Traceback (most recent call last):
  File "/home/travis/build/polysquare/polysquare-ci-scripts/setup.py", line 44, in <module>
    include_package_data=True)
  File "/opt/python/pypy3-2.4.0/lib-python/3/distutils/core.py", line 148, in setup
    dist.run_commands()
  File "/opt/python/pypy3-2.4.0/lib-python/3/distutils/dist.py", line 917, in run_commands
    self.run_command(cmd)
  File "/opt/python/pypy3-2.4.0/lib-python/3/distutils/dist.py", line 936, in run_command
    cmd_obj.run()
  File "/home/travis/virtualenv/pypy3-2.4.0/site-packages/setuptools_green/__init__.py", line 34, in run
    sys.exit(green.cmdline.main())
  File "/home/travis/virtualenv/pypy3-2.4.0/site-packages/green/cmdline.py", line 87, in main
    result = run(test_suite, stream, args) # pragma: no cover
  File "/home/travis/virtualenv/pypy3-2.4.0/site-packages/green/runner.py", line 52, in run
    pool = LoggingDaemonlessPool(processes=args.subprocesses or None)
  File "/home/travis/virtualenv/pypy3-2.4.0/site-packages/green/subprocess.py", line 98, in __init__
    initargs, maxtasksperchild, context)
TypeError: __init__() takes at most 5 arguments (6 given)
e3krisztian commented 9 years ago

context is optional in multiprocessing.Pool.__init__ and not used in green at all.

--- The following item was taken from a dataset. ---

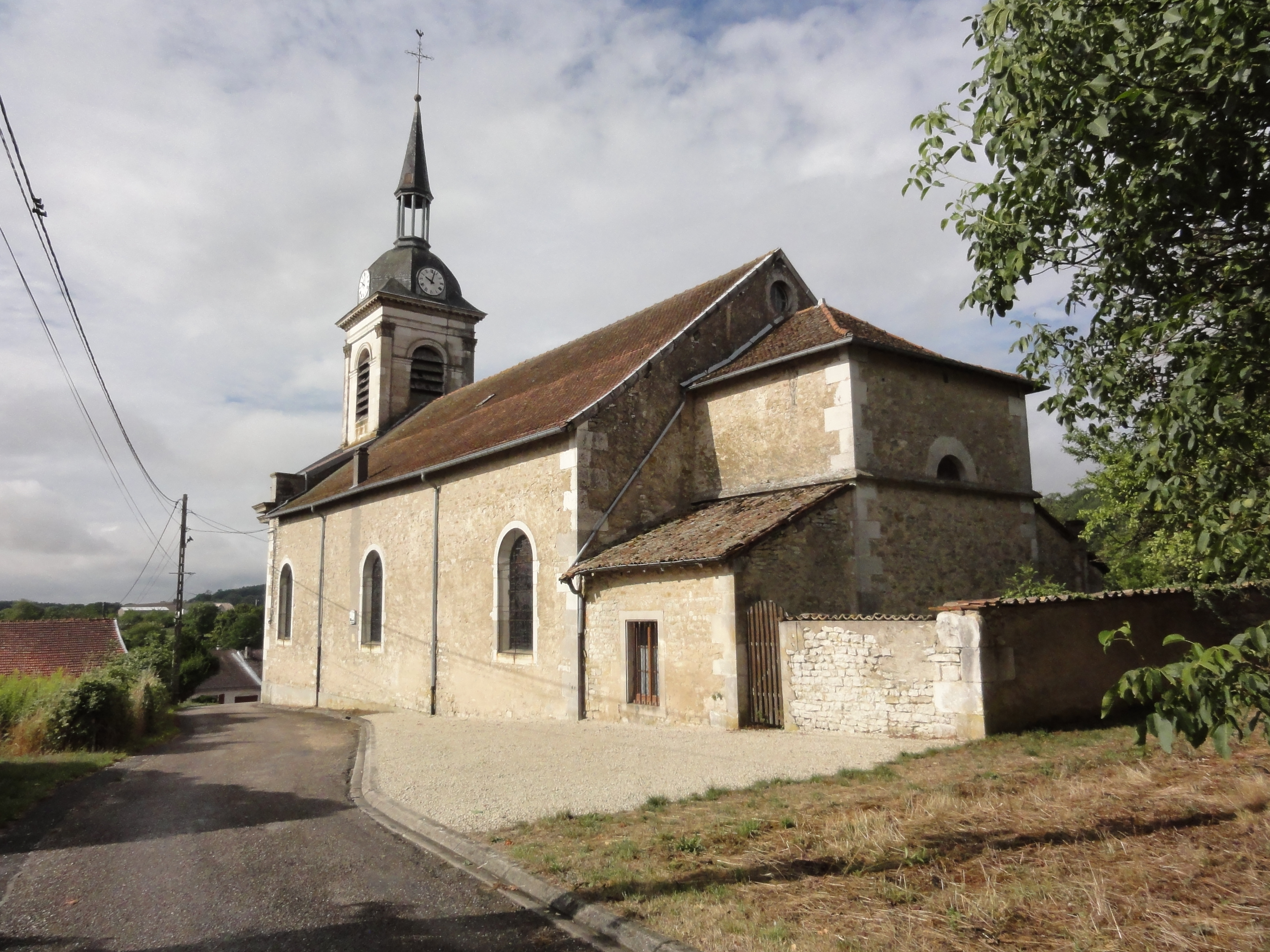 Ménil-la-Horgne (Meuse) église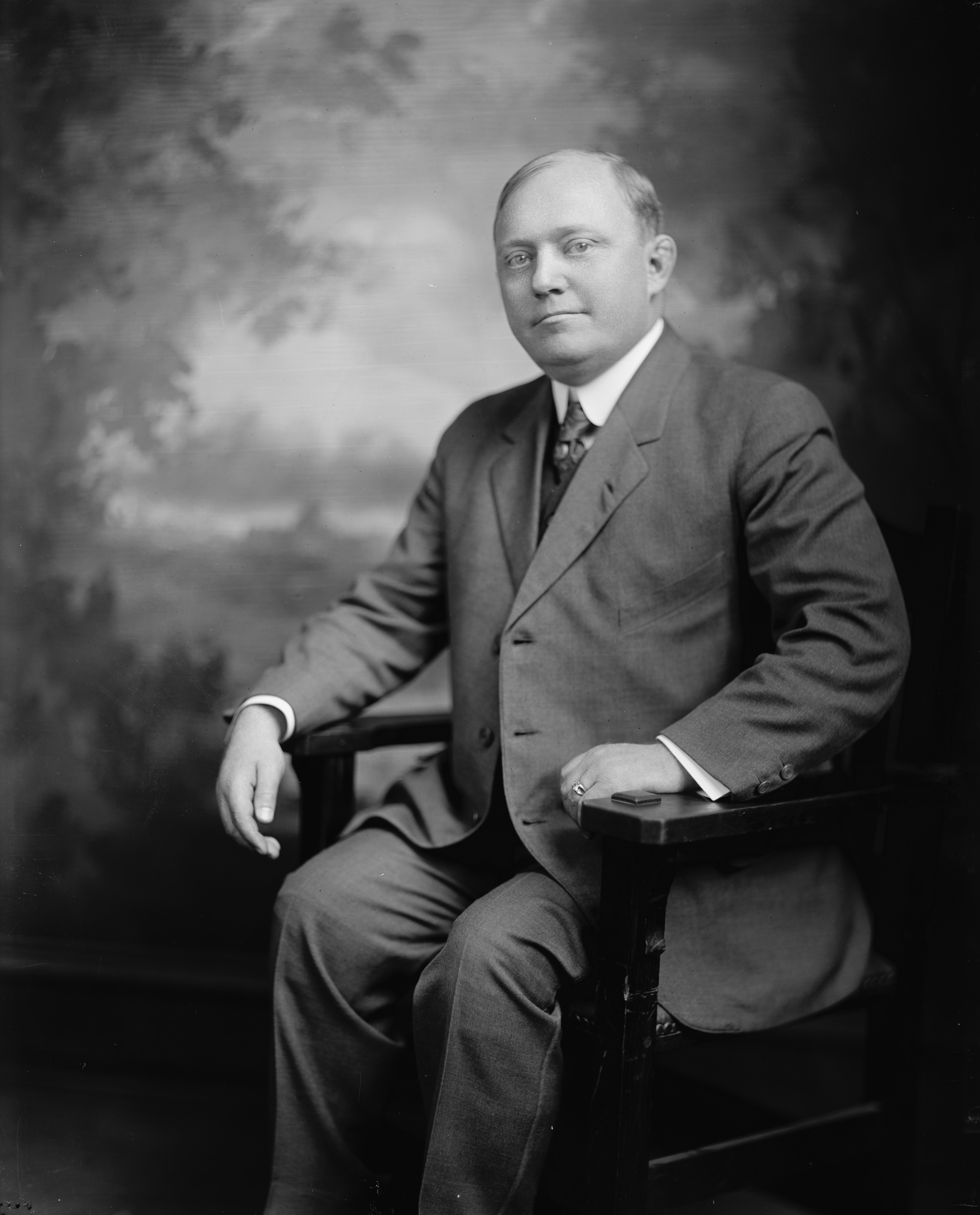 Harry H. Dale, Congressman and judge from New York.

Would it do any harm if removed from LoggingDaemonlessPool.__init__?

CleanCut commented 9 years ago

@smspillaz

First, I'm not at all surprised that pypy3 crashed, as pypy3 targets the functionality of CPython 3.2.5, and CPython 3.2.0 was so hilariously awful from an implementing-green-point-of-view that I never even attempted it. (Green officially supports CPython 2.7, 3.4+, and pypy)

Second, I was absolutely shocked that pypy3 passed all of green's unit tests once this issue you pointed out was addressed. Either a lot of things changed between CPython 3.2.0 and 3.2.5, or pypy3 has just done an excellent job of adopting post-3.2 behavior.

Third, I took the advice of @krisztianfekete and just stopped attempting to pass-thru context. It's a slightly simpler fix for the moment (unless we start using context in the future).

It looks like I should be able to put this out in a 1.11.0 release later today.